▶ WHAT THE TASK REQUIRES: Please, without any pictures, set down exactly the part of the listing below that opens with the line containing "Farm owner Andrew" and closes with the line containing "Eleganten emajliran čajnik".
DATA SUPPLIED Start Marker
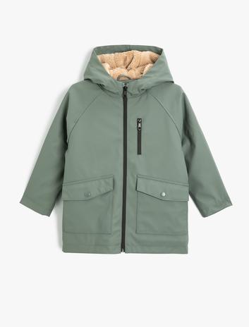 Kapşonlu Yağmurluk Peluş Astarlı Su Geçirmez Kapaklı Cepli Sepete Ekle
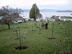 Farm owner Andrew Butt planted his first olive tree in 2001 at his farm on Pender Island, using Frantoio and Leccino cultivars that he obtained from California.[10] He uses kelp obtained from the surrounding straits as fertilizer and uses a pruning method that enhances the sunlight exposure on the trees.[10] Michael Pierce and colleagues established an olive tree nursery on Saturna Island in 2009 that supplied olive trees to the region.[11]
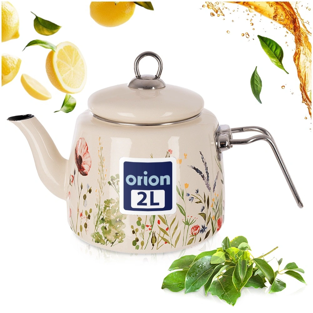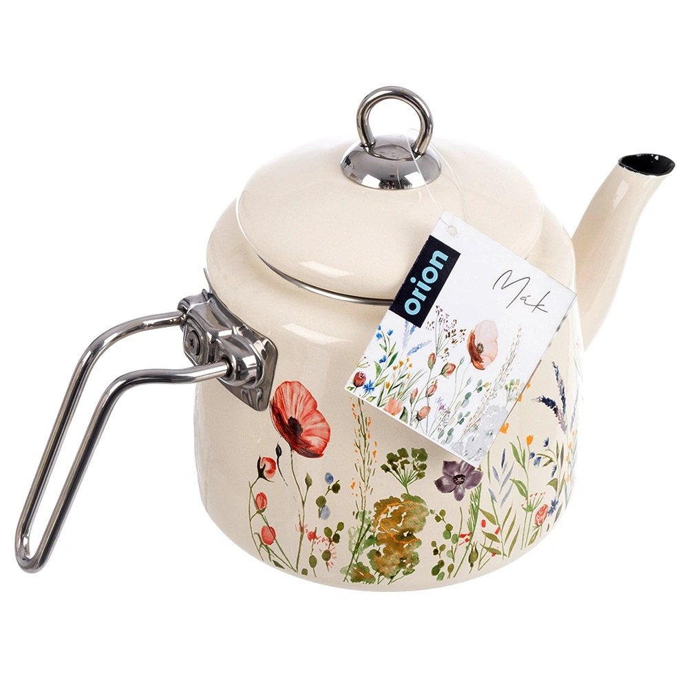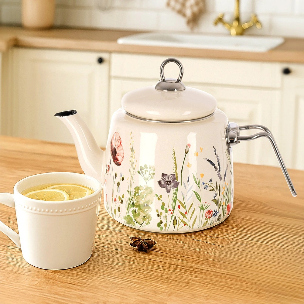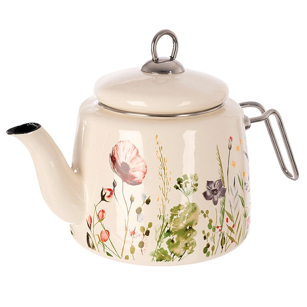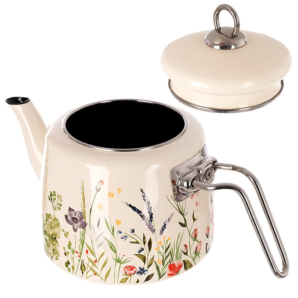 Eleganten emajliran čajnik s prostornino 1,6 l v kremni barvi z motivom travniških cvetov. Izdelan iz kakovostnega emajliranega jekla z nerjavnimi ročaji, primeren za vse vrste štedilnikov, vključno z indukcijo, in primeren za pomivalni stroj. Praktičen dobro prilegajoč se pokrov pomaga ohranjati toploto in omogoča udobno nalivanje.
DATA SUPPLIED End Marker
DATA SUPPLIED Start Marker
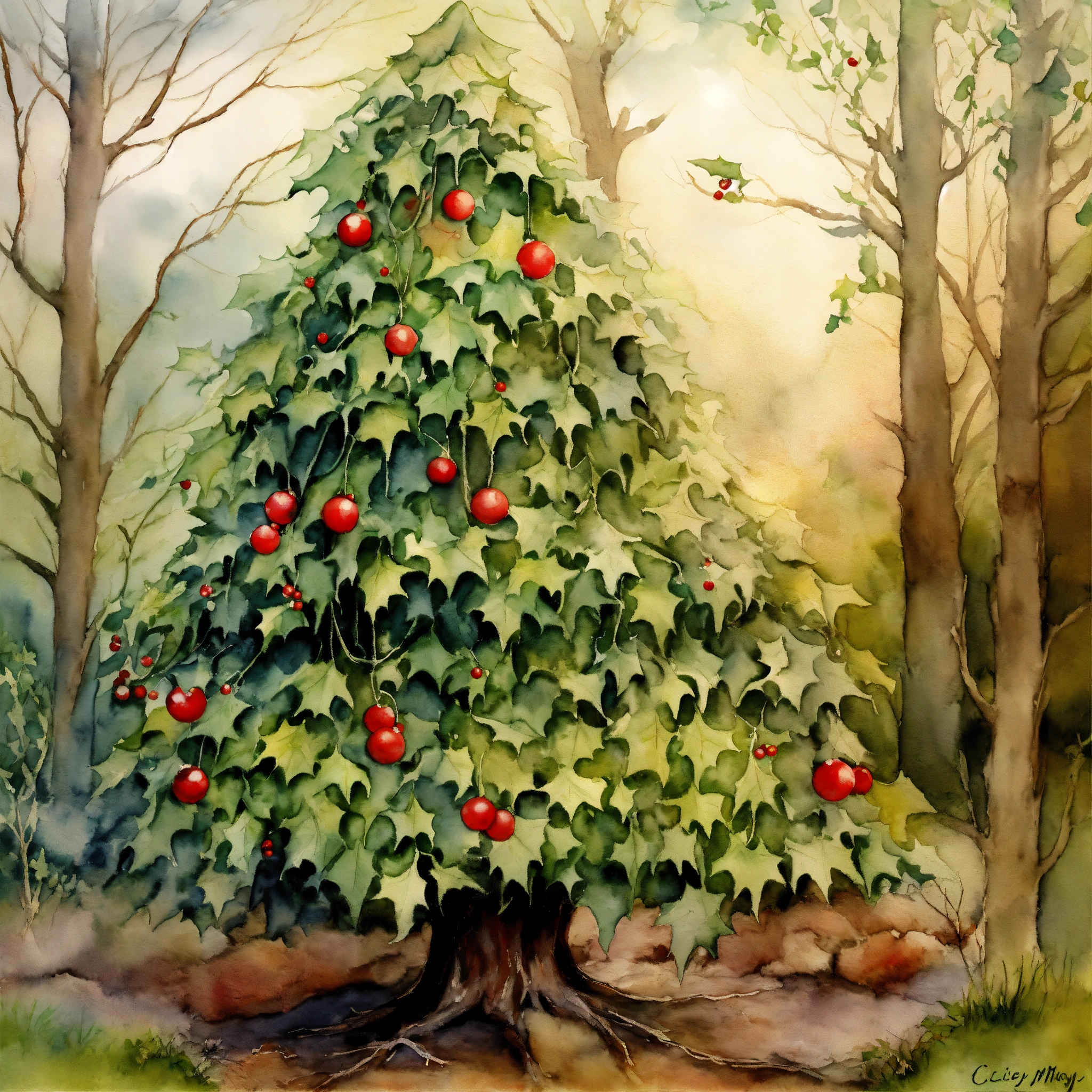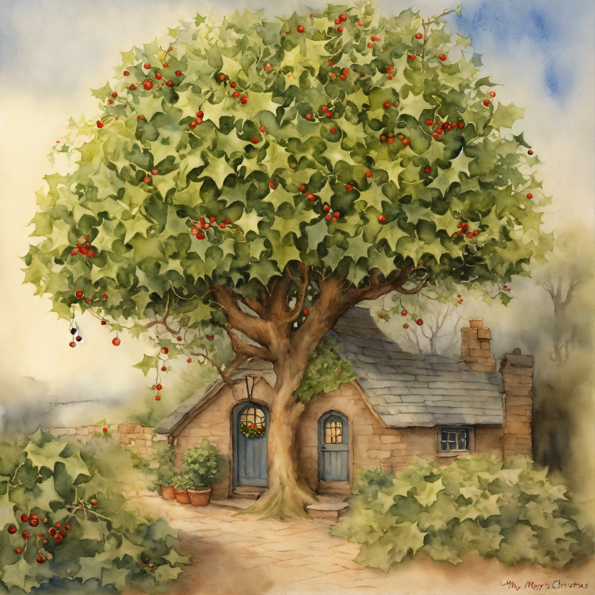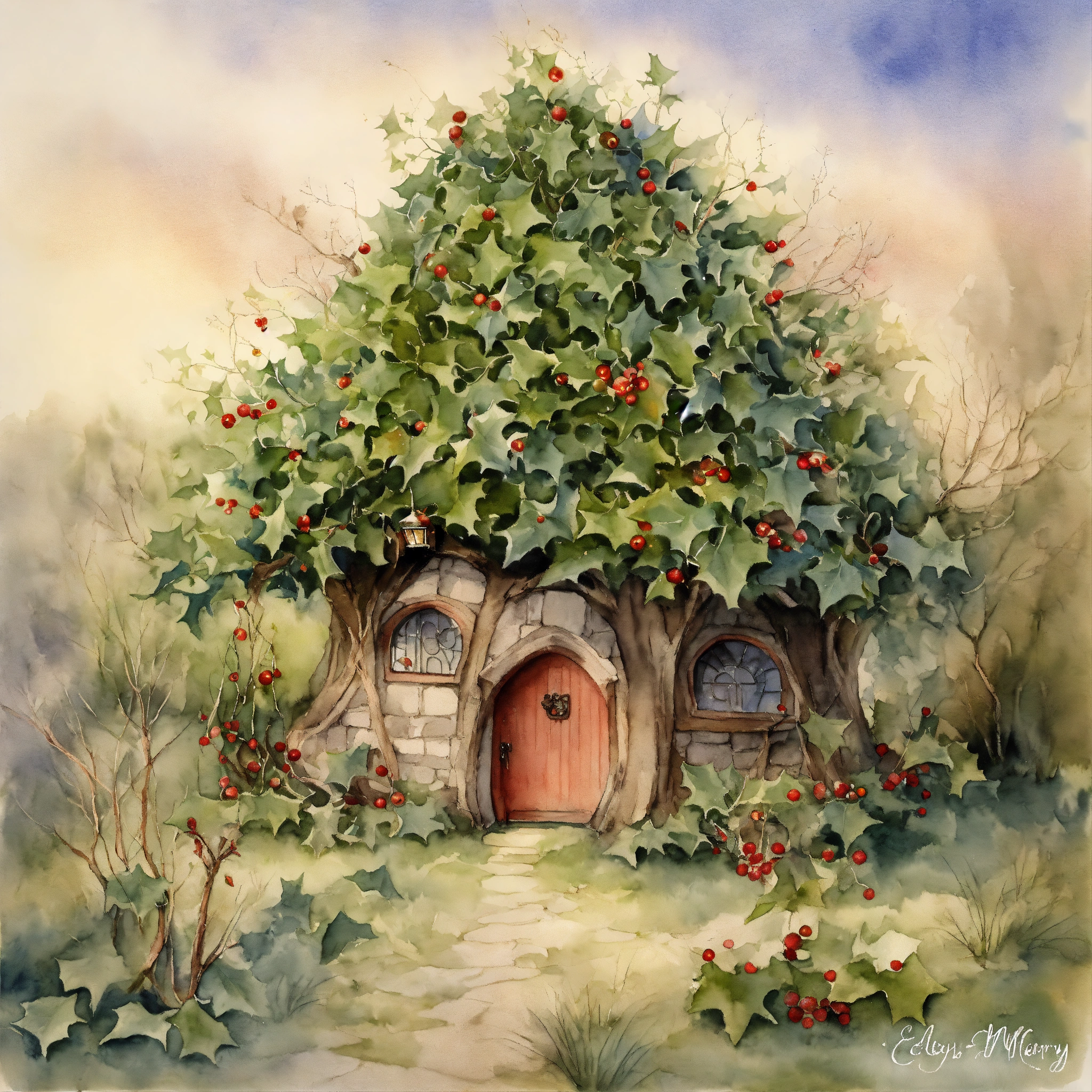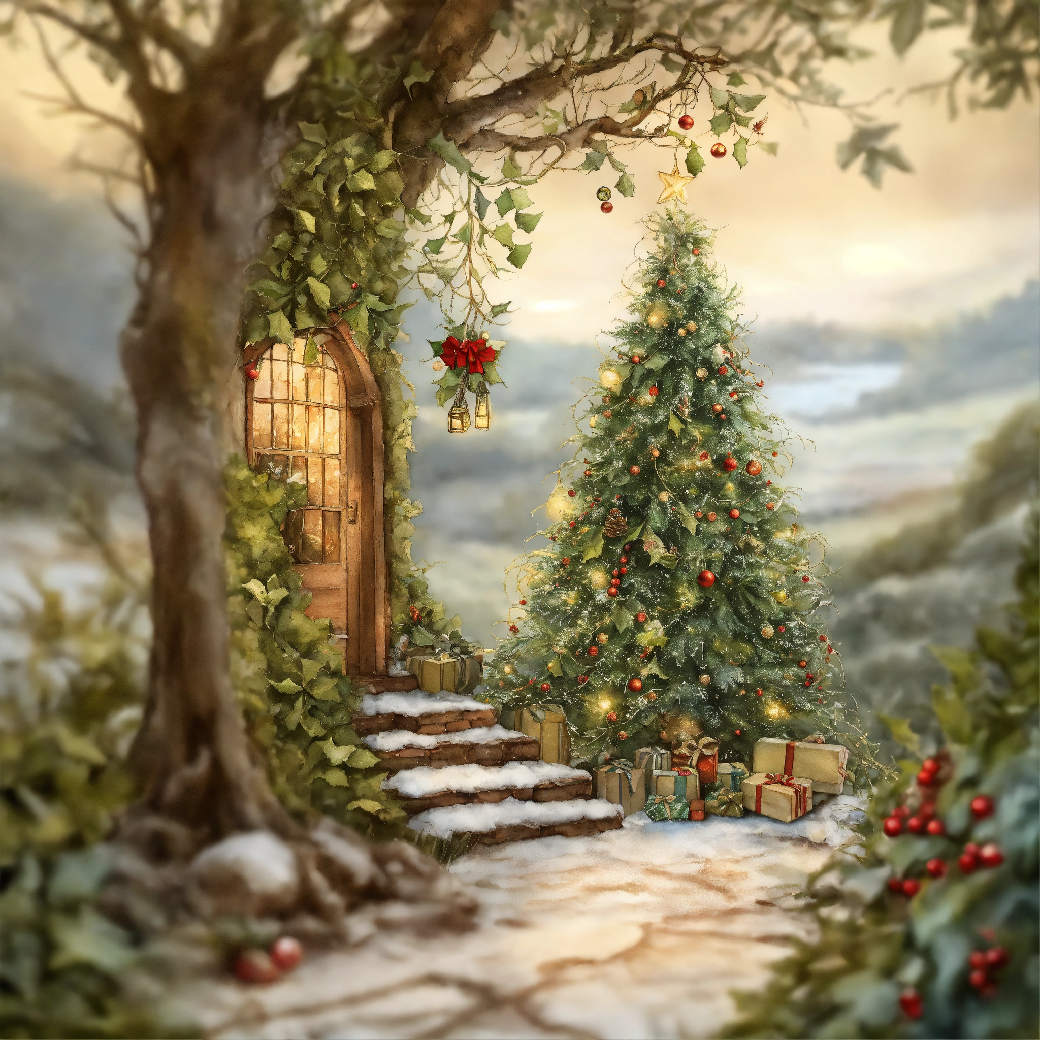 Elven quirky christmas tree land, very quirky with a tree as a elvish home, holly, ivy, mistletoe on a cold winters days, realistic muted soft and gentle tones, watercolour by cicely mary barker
DATA SUPPLIED End Marker
▶ REPLY TO THE EXERCISE:
 Farm owner Andrew Butt planted his first olive tree in 2001 at his farm on Pender Island, using Frantoio and Leccino cultivars that he obtained from California.[10] He uses kelp obtained from the surrounding straits as fertilizer and uses a pruning method that enhances the sunlight exposure on the trees.[10] Michael Pierce and colleagues established an olive tree nursery on Saturna Island in 2009 that supplied olive trees to the region.[11]
 Eleganten emajliran čajnik s prostornino 1,6 l v kremni barvi z motivom travniških cvetov. Izdelan iz kakovostnega emajliranega jekla z nerjavnimi ročaji, primeren za vse vrste štedilnikov, vključno z indukcijo, in primeren za pomivalni stroj. Praktičen dobro prilegajoč se pokrov pomaga ohranjati toploto in omogoča udobno nalivanje.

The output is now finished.